For the initial laboratory evaluation of the test, we used samples from a group of 49 schoolchildren from the Mwanza region, Tanzania, where schistosomiasis mansoni is highly endemic. These children ranged in age from 7 to 18 years, and the prevalence by egg counts was determined to be 80% (median, 84 eggs/g of feces). Duplicate stool samples (42-mg samples) were examined by the Kato-Katz technique as previously described (5), and egg excretion was expressed as the mean of the two counts. Venous blood samples were taken, from which serum samples were prepared, and these were stored at −20°C until transported to the laboratory in Leiden for analysis of CAA and CCA by ELISA. Urine samples were taken as well and transported to the National Institute for Medical Research in Mwanza where, after sedimentation for at least 30 min, they were tested for CCA by using the strips in the wet format.

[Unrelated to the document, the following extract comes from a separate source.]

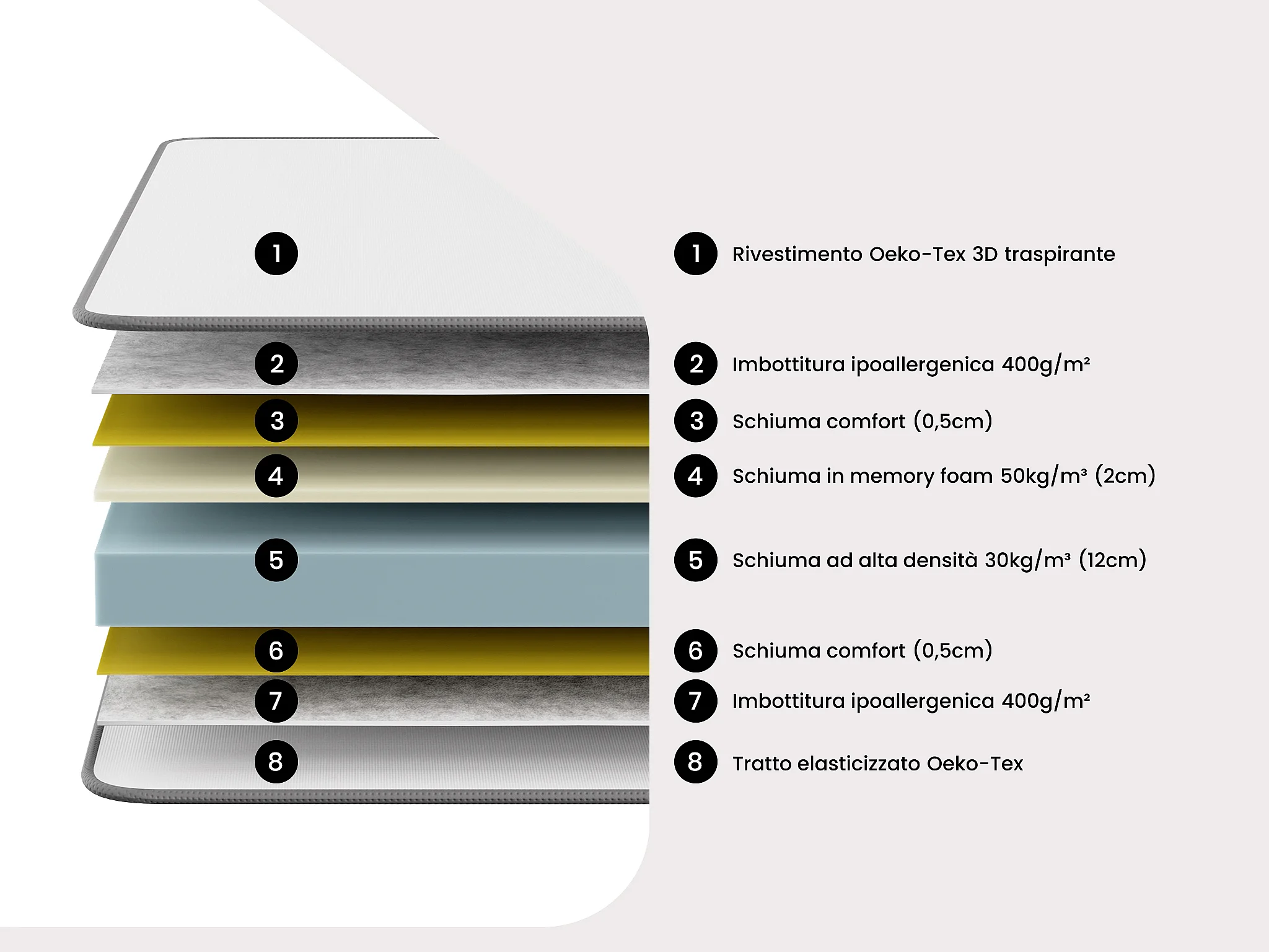Set 160x200 rete vano cassetto Bianco+Mater. memory HD e Tessuto 3D traspirante sp. 18 - HEAVEN di YSMÉE

In addition, urine aliquots were prepared and stored at −20°C until transported to the laboratory in Leiden where the CCA levels were determined by ELISA and by using the strip in the dry format. Both CAA and CCA ELISAs were performed as described previously (7) with minor modifications. The specificity of the strip test was evaluated in a group of 45 schoolchildren from a village in a mountainous area near Mwanza, where schistosomiasis is not endemic.
Permissions.
Permissions for the present study were obtained from the National Institute for Medical Research, Mwanza Medical Research Center, Mwanza, Tanzania, in accordance with the principles and practice of the Helsinki Declaration.
RESULTS
Only 2 of the 11 monoclonal antibodies used for the first screening were found to give working carbon conjugates. Of these two, one showed insufficient sensitivity in the strip test, which resulted in one monoclonal antibody (line 54-4C2-A; IgG1 isotype) that could also be used as a capture antibody.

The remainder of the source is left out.